Listen.  What’s been asked of us—to live without income for a few months while bills mount; to risk homelessness; to break the economy—it’s just too much.  A real war would be preferable.  At least it comes with combat pay.  Two trillion dollars, an obscene amount, somehow will not be enough to tide over American families for more than one month.  Why can’t they understand that?  Many if not most of the American people would prefer to take their chances and keep working their ‘nonessential’ jobs if it means food on the table, money in the bank and a roof over their heads.  But we’re not allowed that option, because the new virus with no vaccine or cure is so contagious plus our nation of plenty lacks hospitals, medical equipment, beds and trained health professionals to care for the projected hundreds of thousands who soon will get deathly ill.

Listen.  Hear that?  Do you sense it?  Prayers! Voiced and silent, with and without tears.  In every language.  Every person around the world is praying simultaneously for divine intervention, a cure, a quick solution.  Americans are notoriously impatient.  But we’re resourceful, too, and will figure out various means to survive: moving, dropping expenses, begging, borrowing, whatever we gotta do.  Pride has no place in hard times.

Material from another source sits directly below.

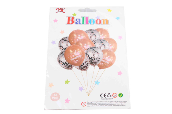 —Набор шаров 'С днем рождения! Розовое золото, белый латекс и конфетти', 12 шт. в наборе, 965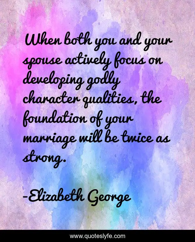 This page presents the quote "When both you and your spouse actively focus on developing godly character qualities, the foundation of your marriage will be twice as strong.". Author of this quote is Elizabeth George. This quote is about foundation, spouse, christian, faithful, author, god, character, focus, books,.

We’ll find our individual resilience and collective dogged determination to get through this crisis.  Overnight we have been forced to rely on one another, family, friends, neighbors, and our government local and state and federal. The government really has done all it can do to help us.  We have been aware of an insurmountable budget deficit for a long, long time.  We’ve needed to toughen up.  Stiff upper lip.  Come on, now. Crying time’s over.  Re-arrange, reshuffle, toss in the air.

Listen.  What’s the worst they can do?  Kick us out of our homes?  Courts are closed and backlogged for months.  Besides, the President has declared no evictions during this pandemic.  Will they cut off the electricity for lights, gas for heat, water for bathing and life itself, internet in order to work at home and for necessary communication?  Maybe but doubtful.  In the age of social media, cutting power and water from tens of millions of American families unable to pay the bills would be a corporate and municipal public relations disaster.  And if they do cut us off, let us reclaim the intestinal fortitude of our backwoods ancestry who built this country.  Portable toilets if we have to.  Bread, water and canned food if that’s all we can scrounge up.  Candles and matches and flashlights to see at night.  Tents and towels for shelter.  Live along rivers, lakes and creeks if need be.  When there’s a will, there’s a way.  Besides the hard times are supposed to be temporary, extremely temporary.  Sleep on it, sleep in shifts, and ask for help: Salvation Army, major churches, food pantries and all the other nonprofits providing sustenance and relief.  The TV ads proclaim “We’re all in this together.”  Let ’em prove it.      

Listen.

Breathe.  Feel.  Observe.  Hear.  Taste.  Touch.  Think.  Read.  Watch.  Work.  Rest.  Walk.

At this moment we’re alive, healthy and aware.  We’re in control more than we realize.  And listen, folks lose their homes every day.  Attachment comes with a price.  Embrace what really matters.

Listen.  This sudden empty time we’ve been given, it’s like a gift.  Isn’t that what we’ve wanted throughout our busy lives, week after week, year after year?  Time to watch children grow and learn and be part of the process.  Time to think.  Time to relax, sit outdoors and watch each day as nature blooms fresh with beauty, contently swaying gently in the breeze, happy just to be alive … again.  As we gaze upon nature, our thoughts turn inward.  Before the crash, were any of us really happy, rushing through the work week, feeling tired all the time, tense about money because there was never enough and now none?  Instead, we’re left with this priceless commodity, an unexpected intangible present because Someone somewhere thought we needed it now.  Soon enough, we’ll never have this gift again—time to change our lives for the better.